Exercise directions:
From the first line of the data down to the line bearing "The PML meteorological", output every line exactly and include no pictures.

Stored data entries:
☆ ☆ ☆ ☆
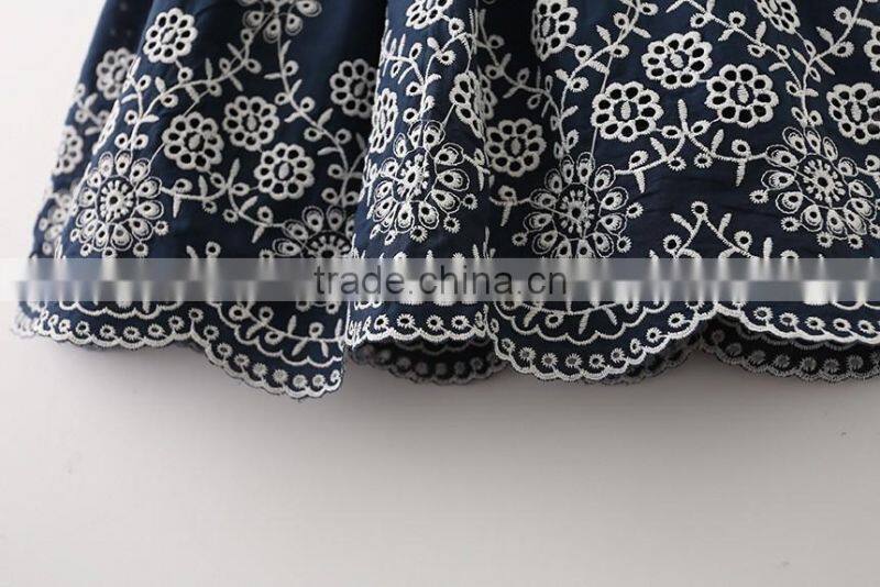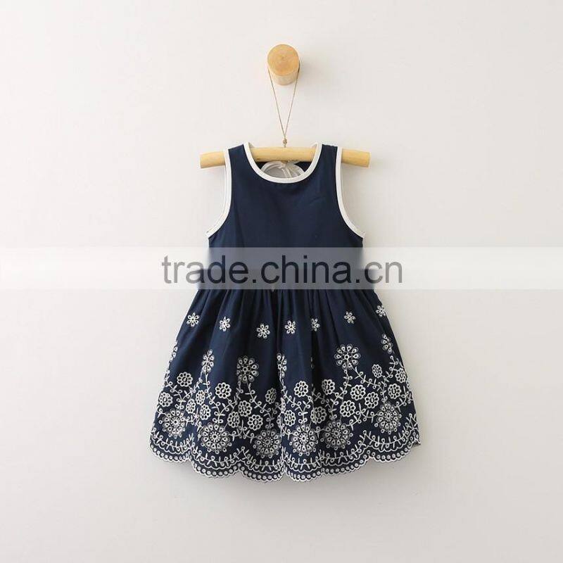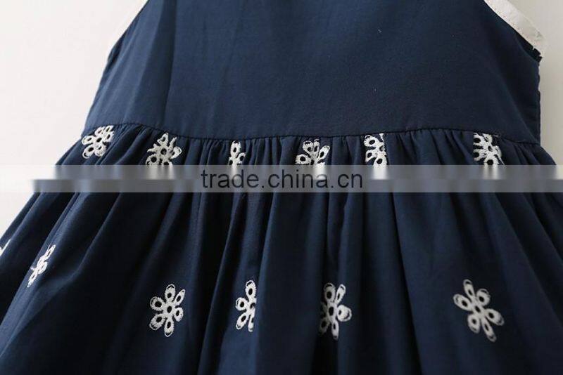 Hot sale navy blue embroidery no sleeve cotton baby girls dress
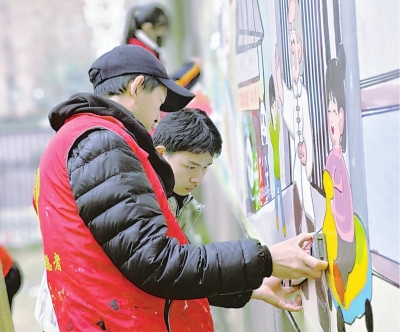 1月17日清晨8时,师生细心勾勒线条,精心调和色彩,效果图中智慧便捷的社区生活、和谐融洽的邻里场景跃然“墙”上,赋予墙体新的生命。“这就是我们身边实实在在的变化。”绘制过程成了社区独特的风景线,吸引众多居民驻足观看并结合画作讲述家门口的变化。
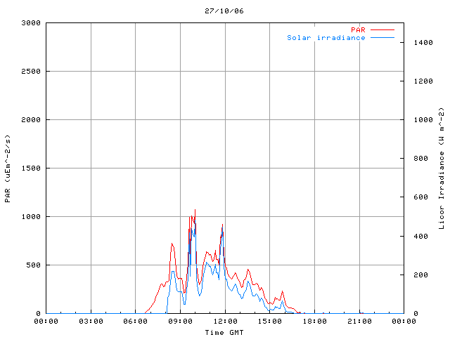 The PML meteorological station, situated on the south-west corner of the building roof, consists of a Hygroclip S3 temperature and humidity sensor housed in a radiation shield, a Mierij Meteo solid state wind sensor (MMW-005), a Chelsea instruments half-hemisphere PAR sensor, a Li-Cor pyranometer (LI-200SZ) and an Omni Instruments 6" tipping bucket raingauge (RG200). The data are logged every 5 minutes using a Pace Scientific XR5 data logger. The real-time rainfall data is likely in error - the correct values will be displayed after a time lag of approximately 24 hours. The meteorological station is sheltered from winds in the north-east and underestimates winds from this quarter. To use these data please contact Dr Tim Smyth.
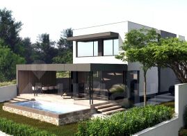 - первый этаж: просторная кухня-гостиная с панорамными окнами и выходом на террасу и к бассейну, санузел, хозяйственное помещение, гостевая;
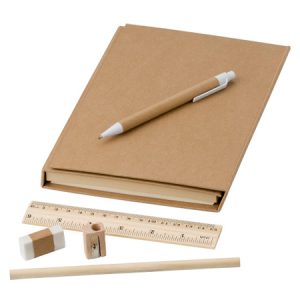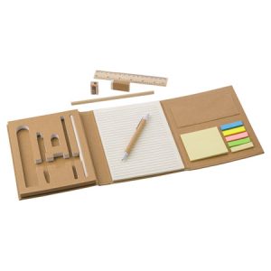 Cardboard writing folder, including: notepad with 40 sheets, bamboo ruler (15 cm), cardboard pen with plastic tip, clip and button (blue ink), two pencils, a pencil sharpener, an eraser, post-its (25 sheets per colour), and an interior pocket.
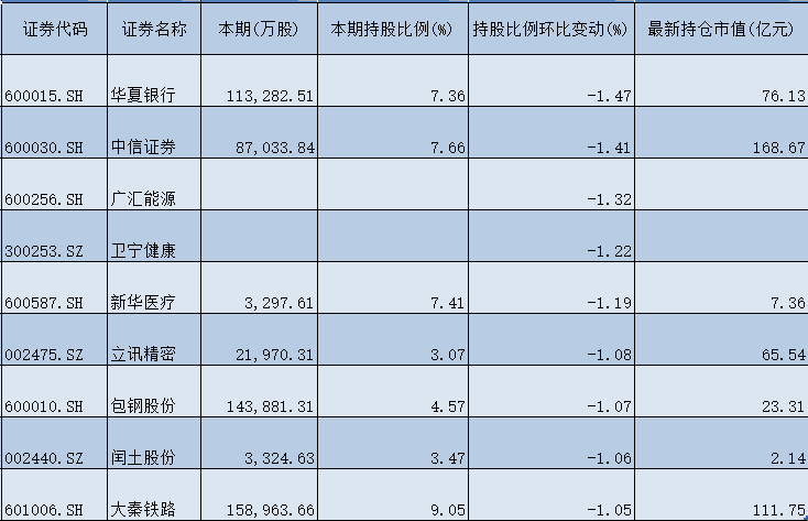 此外,国家队一季度对广汇能源(600256)、卫宁健康(300253)、新华医疗(600587)、立讯精密(002475)、包钢股份(600010)、润土股份(002440)、大秦铁路(601006)等个股的持股比例,环比降幅均超过1%,分别减少了1.32%、1.22%、1.19%、1.08%、1.07%、1.06%和1.05%。
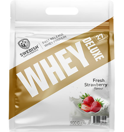 Swedish Supplements Whey Deluxe, 900g. Baltymu milteliai kokteiliui ruošti su saldikliais.
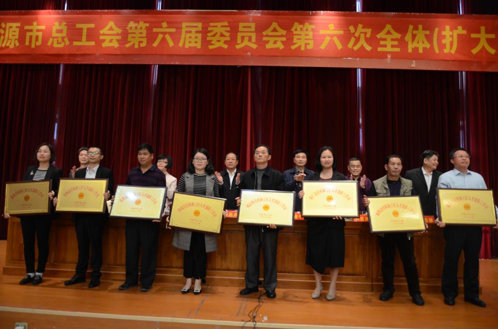 4月2日,我市召开总工会六届六次全委(扩大)会议,总结2018年全市工会工作并部署2019年主要工作任务。市人大常委会副主任、市总工会主席陈荣卓代表市总工会第六届常委会作工作报告,市委副秘书长何建平代表市委出席会议并讲话。会上,我校作为2018年度河源市工会工作先进基层单位受到表彰,同时,我校戴春平创新工作室、徐艳创新工作室得到正式命名并授牌。
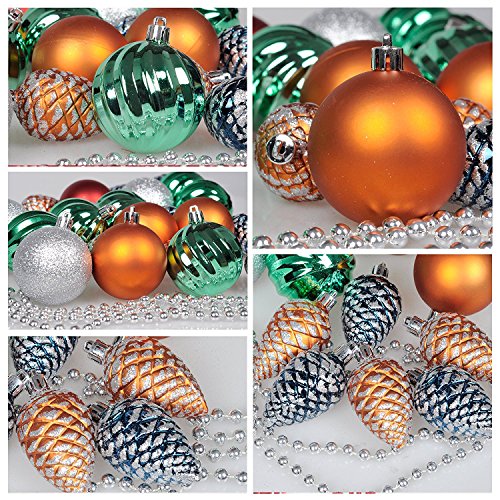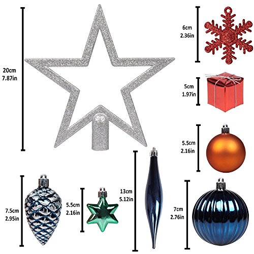 - Suits for 4-7 ft trees. This tree decorations set includes diffierent sizes and shapes tree ornaments, making it perfect to add variety and depth to your Christmas tree design.
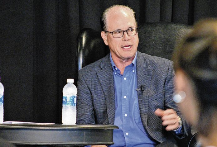 U.S. Sen. Mike Braun speaks during the Aspire Legislation Matters luncheon discussion held at Valle Vista Golf Club and Conference Center in Greenwood on Tuesday.
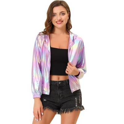 INSPIRE CHIC Women's Cropped Holographic Party Shiny Lightweight Long Sleeve Shrugs Blue Purple X-Small
☆ ☆ ☆ ☆
Answer below:
 Hot sale navy blue embroidery no sleeve cotton baby girls dress
 1月17日清晨8时,师生细心勾勒线条,精心调和色彩,效果图中智慧便捷的社区生活、和谐融洽的邻里场景跃然“墙”上,赋予墙体新的生命。“这就是我们身边实实在在的变化。”绘制过程成了社区独特的风景线,吸引众多居民驻足观看并结合画作讲述家门口的变化。
 The PML meteorological station, situated on the south-west corner of the building roof, consists of a Hygroclip S3 temperature and humidity sensor housed in a radiation shield, a Mierij Meteo solid state wind sensor (MMW-005), a Chelsea instruments half-hemisphere PAR sensor, a Li-Cor pyranometer (LI-200SZ) and an Omni Instruments 6" tipping bucket raingauge (RG200). The data are logged every 5 minutes using a Pace Scientific XR5 data logger. The real-time rainfall data is likely in error - the correct values will be displayed after a time lag of approximately 24 hours. The meteorological station is sheltered from winds in the north-east and underestimates winds from this quarter. To use these data please contact Dr Tim Smyth.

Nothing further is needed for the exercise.